Intro to Investing: Unit Trusts (Mutual Funds)
- Onefivezero Cm
- Feb 23, 2022
- 2 min read
Now that you have a better understanding of stocks let's talk about Mutual Funds or Unit Trusts as we call them here in Singapore.
This investment vehicle consists of a pool of money collected from many investors, managed by a fund manager to invest in securities comprising stocks, bonds, or a mixture of both, depending on the fund's objective.
Explanation: One of the biggest challenges about stock investing is thousands of companies review and analyse.
Finding the right company to invest in can quickly become a tedious and laborious activity for the average investor. Not to mention, the average investor has a smaller budget as compared to a fund house.
A mutual fund seeks to solve some of these challenges by pooling the resources of different investors (including entities) to invest in a category of security.
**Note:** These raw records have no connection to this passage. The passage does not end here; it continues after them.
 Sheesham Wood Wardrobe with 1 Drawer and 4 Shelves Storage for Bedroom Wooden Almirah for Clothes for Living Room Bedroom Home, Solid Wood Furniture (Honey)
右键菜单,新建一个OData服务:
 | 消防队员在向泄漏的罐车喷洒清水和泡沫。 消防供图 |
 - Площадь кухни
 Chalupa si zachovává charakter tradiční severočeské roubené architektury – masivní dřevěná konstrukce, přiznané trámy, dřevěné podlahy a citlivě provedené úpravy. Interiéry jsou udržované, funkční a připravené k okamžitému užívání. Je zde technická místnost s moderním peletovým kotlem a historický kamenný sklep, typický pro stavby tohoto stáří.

Let's use the smartphone example again.

If we were to invest in just the iPhone, we would only have one brand (Apple) as our asset. However, by pooling our resources together with a few more investors, we can add Samsung, Sony, Nokia, Huawei, Xiaomi, and many other brands into our Smartphone investment basket.
This reduces our risk level because should one of these companies collapse, we would still have different companies in our Smartphone basket to diversify that risk.
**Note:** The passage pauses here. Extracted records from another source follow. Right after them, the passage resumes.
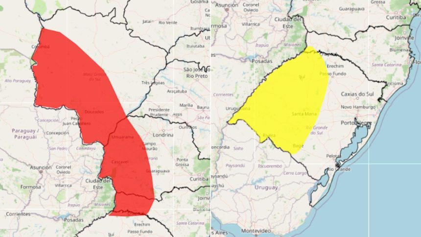 Santa Catarina, Rio Grande do Sul, Paraná, Mato Grosso do Sul e Mato Grosso enfrentam temperaturas extremas. As máximas ficarão 5°C acima da média por mais de cinco dias. O alerta permanece válido até sábado, dia 25 de abril.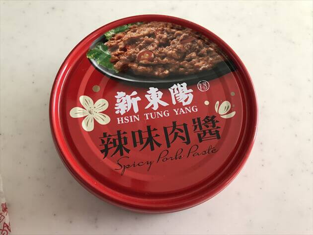 ネギや肉などを入れると良いことが書かれていましたので思い出したのが一緒に頂いた辣味肉醤の缶詰です。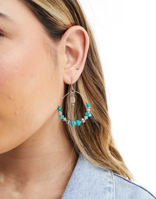 Accessorize - Oorbellen met hangende ringen met kralen in zilver/turquoise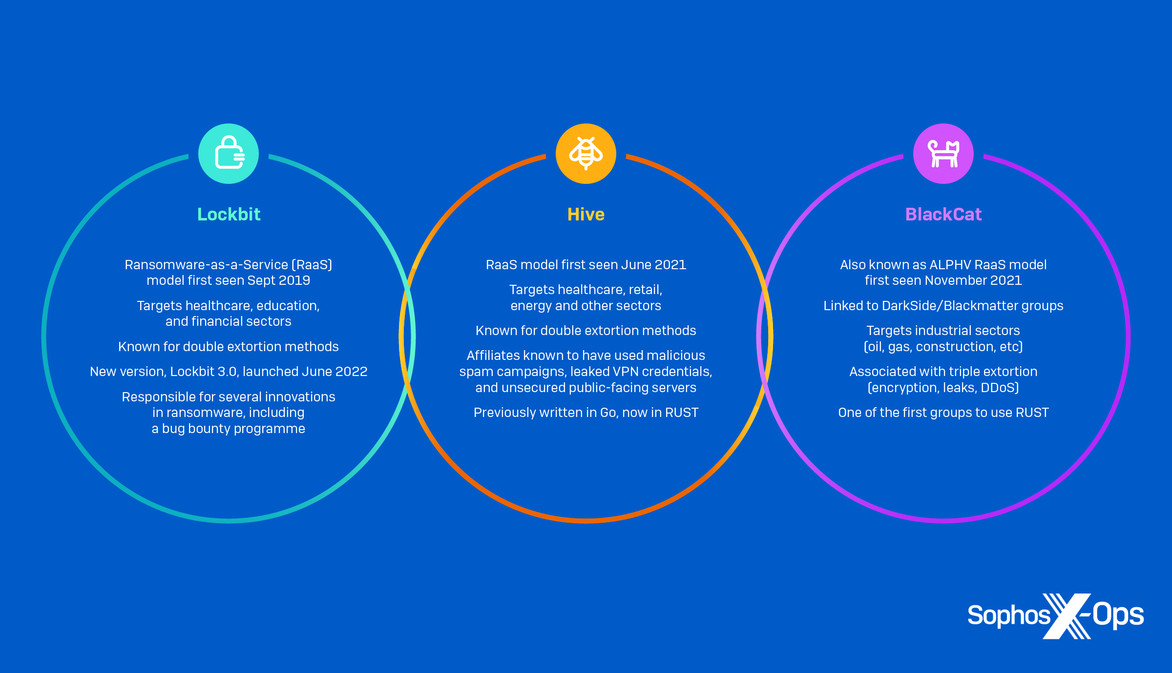 Sophos X-Ops has posted IOCs relating to the Lockbit, Hive, and BlackCat attacks covered in this report on our Github repository.

In the Unit Trust example, a fund manager monitors the different companies within the basket to pick out those with good investing potential. In return, a percentage of the funds, or asset under management (AUM), is paid out as a management fee.
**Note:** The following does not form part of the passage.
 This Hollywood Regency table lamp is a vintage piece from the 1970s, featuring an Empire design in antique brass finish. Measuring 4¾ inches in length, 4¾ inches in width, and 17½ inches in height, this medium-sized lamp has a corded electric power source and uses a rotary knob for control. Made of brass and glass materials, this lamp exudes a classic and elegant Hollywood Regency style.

Things to Note: The critical part of Unit Trust investing is to select industries or categories with expected growth potential.
Another key strategy is to leverage on Dollar-Cost Averaging as a long-term investing strategy.

Risks Consideration: Like stocks, there is always the possibility that an entire sector might collapse, affecting the fund's rating.
However, in most cases, the risk level is typically lower as you're diversifying risk by investing in different stocks rather than relying on just one (or a few) companies. Most importantly, Unit Trust is a long-term investing strategy that works best with a regular investing schedule.